# 02-Advanced: Data analysis
For these exercises we are going to do some text and more advanced analysis.

## Text data
Often we will need to work with unstructured data like text, images, or audio. To use unstructured data in analyis, we will often need to convert it into something more useable, something more "quantified".

Let's start easy by loading a `.csv` file containing some text data we plan to analyse. Run the code below to load `reviews_sample.csv`.

In [None]:
import pandas as pd
df_reviews = pd.read_csv('../data/reviews_sample.csv')
df_reviews.head()

### Exercise-01: Cleaning text
We want to analyse the `comments` column, but we first need to remove rows with `nan` values in the `comments` column. Use what you learned in `01-Basic.ipynb` to do this below.

In [None]:
# (SOLUTION)


### Exercise-02: Analysing text
Now the text data is cleaned, we are going to convert the text to quantities of interest. A common way to do this is to estimate the *sentiment* of the text. There are many ways to analyse sentiment, and here we are going to use the [VADER](https://www.nltk.org/_modules/nltk/sentiment/vader.html) sentiment analytics tool which is included in the [NLTK](https://www.nltk.org/) (Natural Language Toolkit) package.
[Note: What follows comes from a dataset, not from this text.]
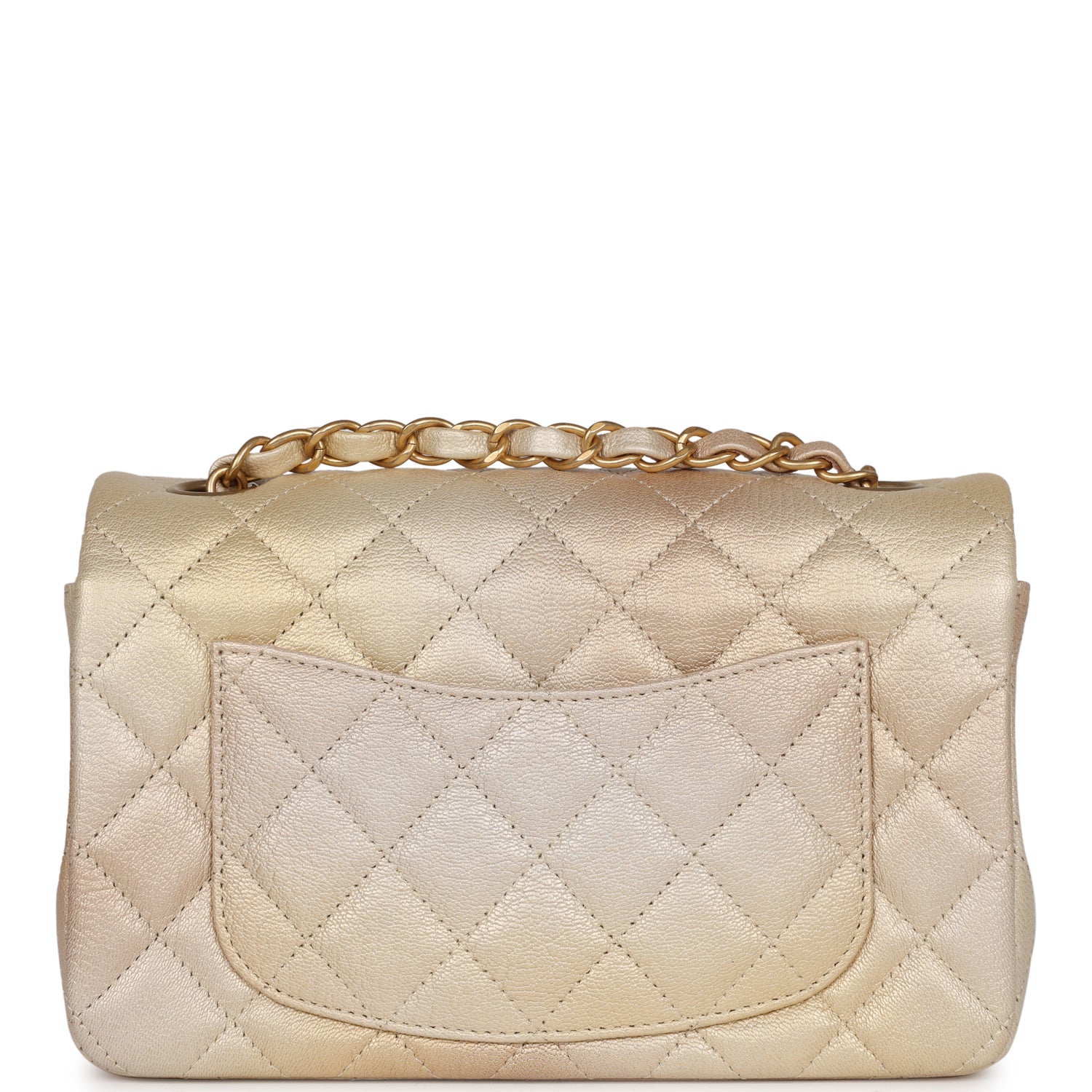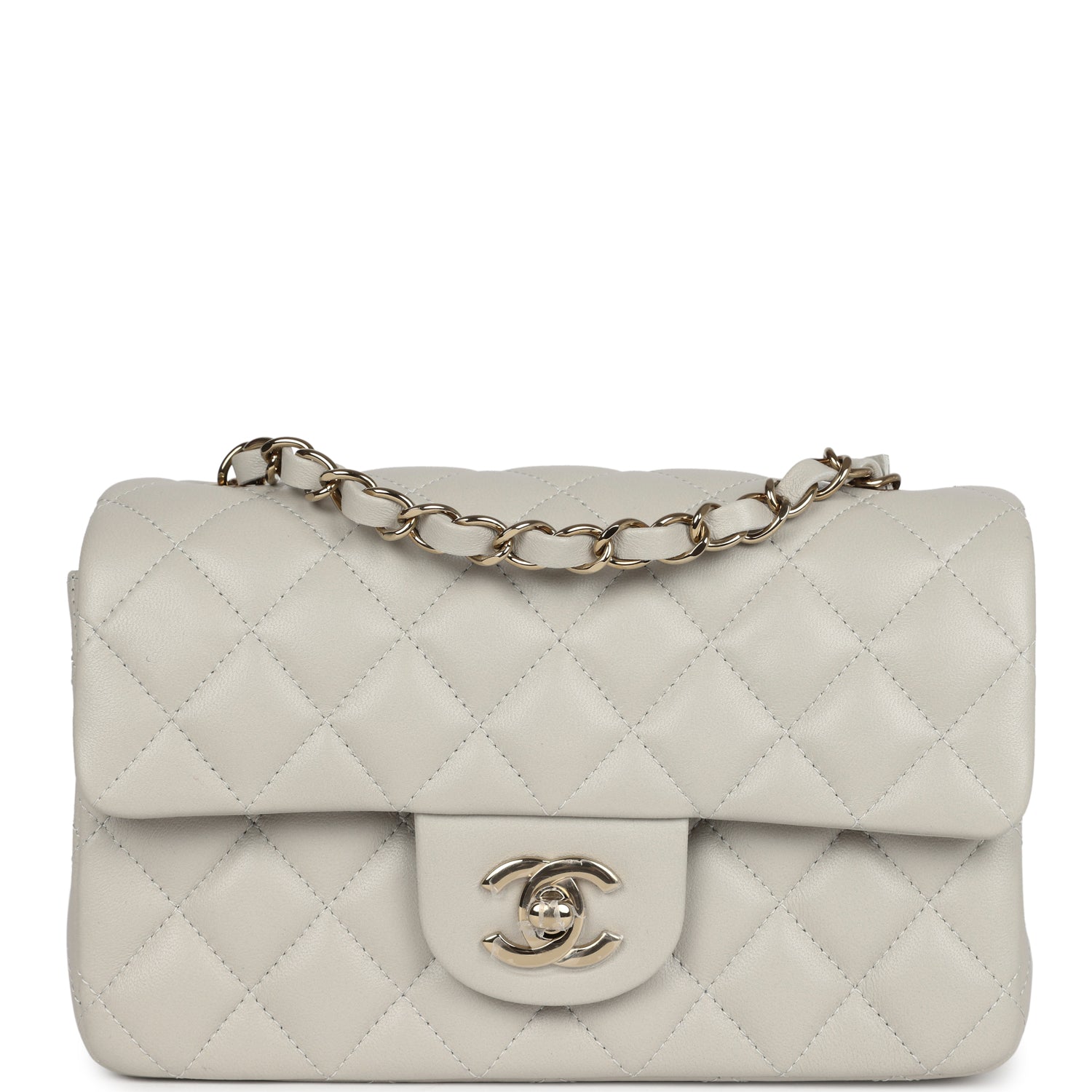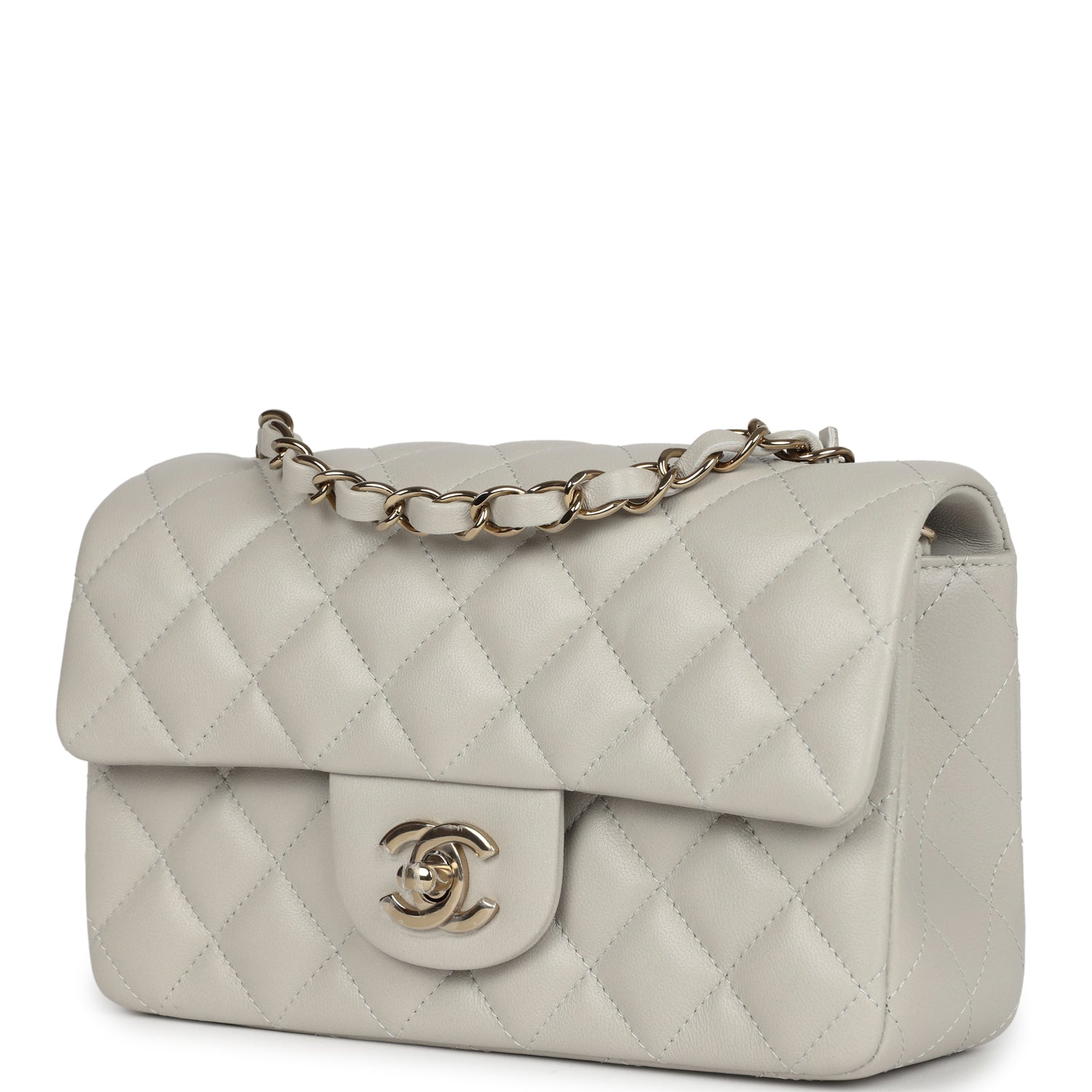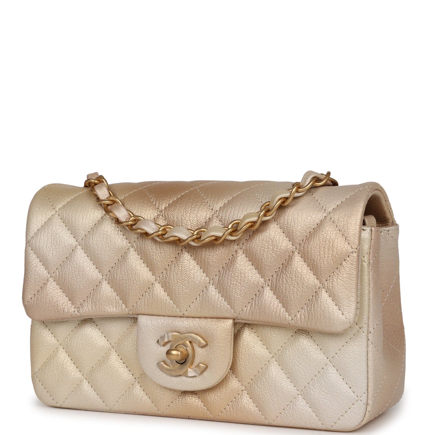 Chanel Mini Classic Rectangular Flap Iridescent Green Lambskin Light Gold Hardware

Run the code below to import `nltk`, import the `SentimentIntensityAnalyzer` class from `nltk`, download the `vader_lexicon`, and create an instance of `SentimentIntensityAnalyzer`.

In [None]:
import nltk
from nltk.sentiment.vader import SentimentIntensityAnalyzer
nltk.download('vader_lexicon')
scorer = SentimentIntensityAnalyzer()

Now we have loaded our sentiment analysis tool, we can calculate the sentiment of the comments in the Airbnb reviews. To do this, we are going to create a `calculate_sentiment` function and then apply it to a small sample (`N=5`) of rows from `df_reviews`. To focus our attention on the columns `['comments','sentiment']` we are going to show only those in the `head()` of `df_reviews_sample`. Please run the code below and watch the magic happen!

In [None]:
def calculate_sentiment(comment):
    return(scorer.polarity_scores(comment)['compound'])

N = 5
df_reviews_sample = df_reviews.sample(N)
df_reviews_sample.loc[:,'sentiment'] = df_reviews_sample['comments'].apply(calculate_sentiment)
df_reviews_sample[['comments','sentiment']].head()
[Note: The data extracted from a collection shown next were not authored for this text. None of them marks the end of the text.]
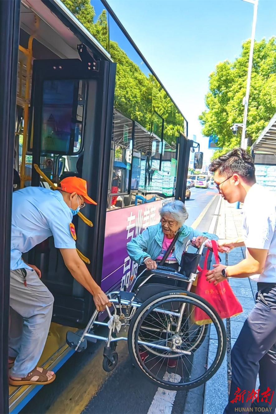 長沙公交車站,一名坐輪椅的老人準備乘車時,兩名工作人員立即上前,合力將輪椅平穩抬上公交車。這一暖心場景,無聲傳遞著社會對老年人的細致關懷,勾勒出 “老年友好型”社會的溫情圖景。
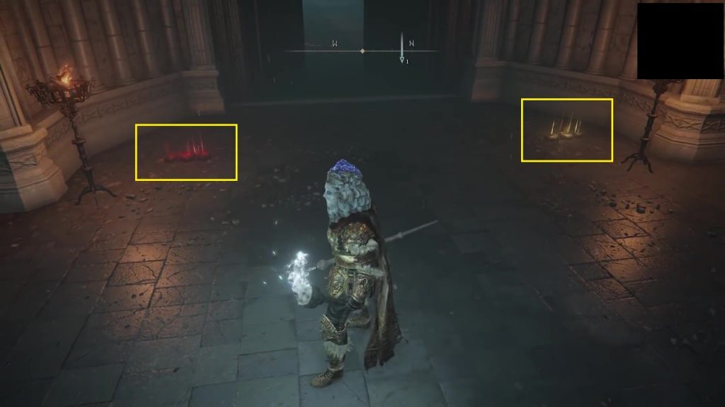 이 폐허는 아래 사진과 같은 지점에 환상의 바닥이 있습니다. 이 지점을 누르면 바닥이 사라지고 지하로 통하는 경로가 나타납니다.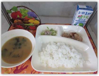本日の給食の献立をご紹介します。本日の献立は、鶏肉のしょうゆマヨネーズ焼き、なめこのみそ汁、キャベツの炒め物、ご飯、牛乳でした。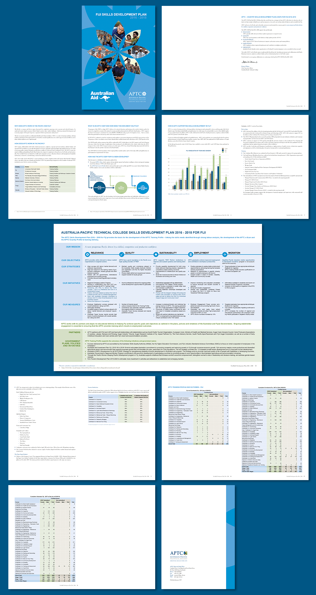 A collections of six Country Skills Development Plan reports for Australia-Pacific Technical College including individualised covers, text design, layout, graphics and an A3 fold-out development plan, all using organisational branding. Designed for both print and digital distribution.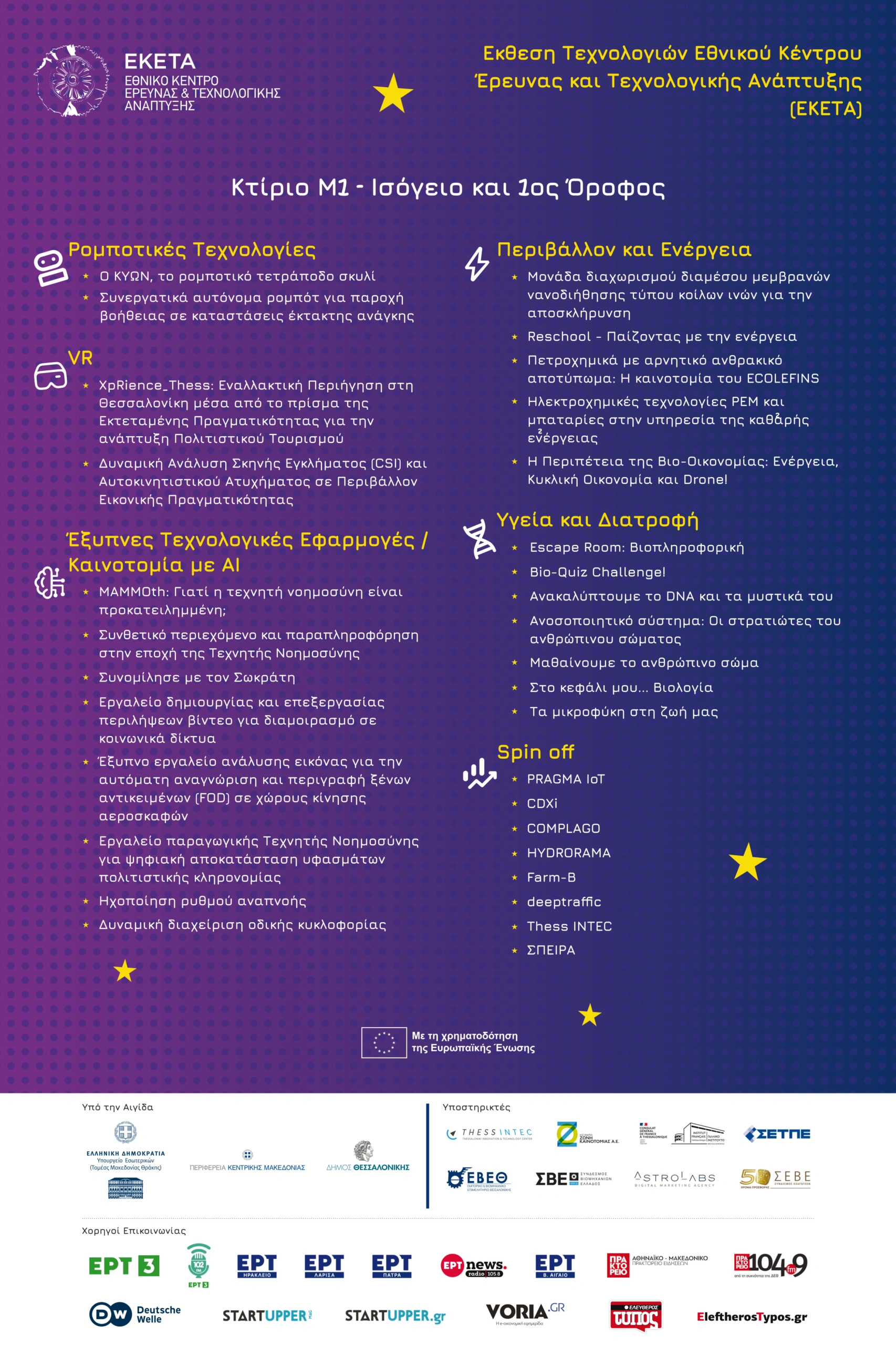 Κεντρικό ρόλο στη φετινή διοργάνωση κατέχει η «έρευνα για την αγορά», μέσα από την παρουσία έξι spin-offs του ΕΚΕΤΑ και του Γραφείου Μεταφοράς Τεχνολογίας, δείχνοντας πώς οι επιστημονικές ανακαλύψεις μπορούν να μετατραπούν σε προϊόντα και υπηρεσίες με απτό αντίκτυπο στην κοινωνία. Παράλληλα, μικροί και μεγάλοι θα απολαύσουν διαδραστικά πειράματα, παρατηρήσεις φυσικών φαινομένων, καλλιτεχνικές δράσεις, αλλά και εκπαιδευτικά εργαστήρια για παιδιά, που κάνουν τη μάθηση διασκεδαστική.

Run the above code a few times, to get a feel for how the sentiment analysis tool is working. Is there anything unexpected/interesting?

## Segmented data
Sometimes we want to perform analysis on only a segment on the data. For example, someone might ask *what is the most expensive listing in London?*, and to solve this we would only need to analysis data for listings based in London.
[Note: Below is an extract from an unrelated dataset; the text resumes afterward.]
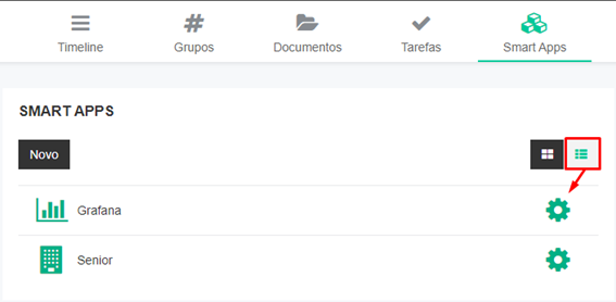 Para editar una aplicación ya registrada, haga clic en el icono en forma de lista en la página de lista. Al hacer clic en el icono, un botón con forma de engranaje estará disponible.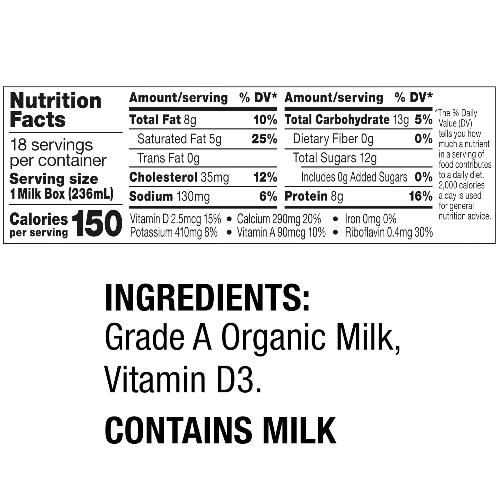 Product DescriptionTake the organic goodness of Horizon milk on-the-go with Horizon Organic Shelf Stable Whole Milk Boxes. With real Horizon Organic Milk from pasture-raised* cows, each whole milk box is an excellent source of calcium, a good source of vitamin D, and provides 8g protein.** These shelf stable milk boxes feature special packaging that locks in flavor with no refrigeration required. Great for kids lunchboxes, bento boxes, post-workout recovery, and on the go snacking, Horizon Organic boxed milk is a convenient grab-and-go option for adults and busy families on the move. Pack these single serve milk boxes for an alternative to juice boxes. Always USDA Certified Organic, the UHT milk in every Horizon milk box comes from cows cared for by trusted farmers, fed non-GMO feed, and not treated with antibiotics or growth hormones.*** Horizon Organic Shelf Stable Milk is available in more delicious flavors, including chocolate, vanilla and strawberry, and in whole, lowfat and DHA varieties. *Per National Organic Program Regulations. **See nutrition info for sat. fat content. ***No significant difference has been shown between milk from rBST-treated & non rBST-treated cows.From the ManufacturerTreat your family to the cold, creamy goodness of Horizon Organic Whole Milk Boxes. Rich, delicious taste isnt the only thing that makes this milk special: its also wonderfully wholesome and made to meet the highest USDA Organic standards. Each box of milk provides many nutrients, including vitamin A, vitamin D, and 8 grams of protein. And thanks to their special packaging, these shelf-stable milk boxes lock in delicious taste without refrigeration or preservatives. *No significant difference has been shown between milk from rBST-treated & non rBST-treated cows.

To explore this idea, let's analyse some segments of the `listings_sample.csv` data. Run the code below to load `listings_sample.csv`.

In [None]:
import pandas as pd
df_listings = pd.read_csv('../data/listings_sample.csv')
df_listings.head()

Let's assume we want to segment the listings by `room_type`. First, let's take a quick look at how many listings of each `room_type` there are in `df_listings`. To do this, we can use the `value_counts()` method. Please run the code below.

In [None]:
df_listings['room_type'].value_counts().head()

### Exercise-03: Identify luxury homes
You are a business analyst at a company which a business development manager who asks you to identify the 5 most expensive listings which are entire homes/apartments.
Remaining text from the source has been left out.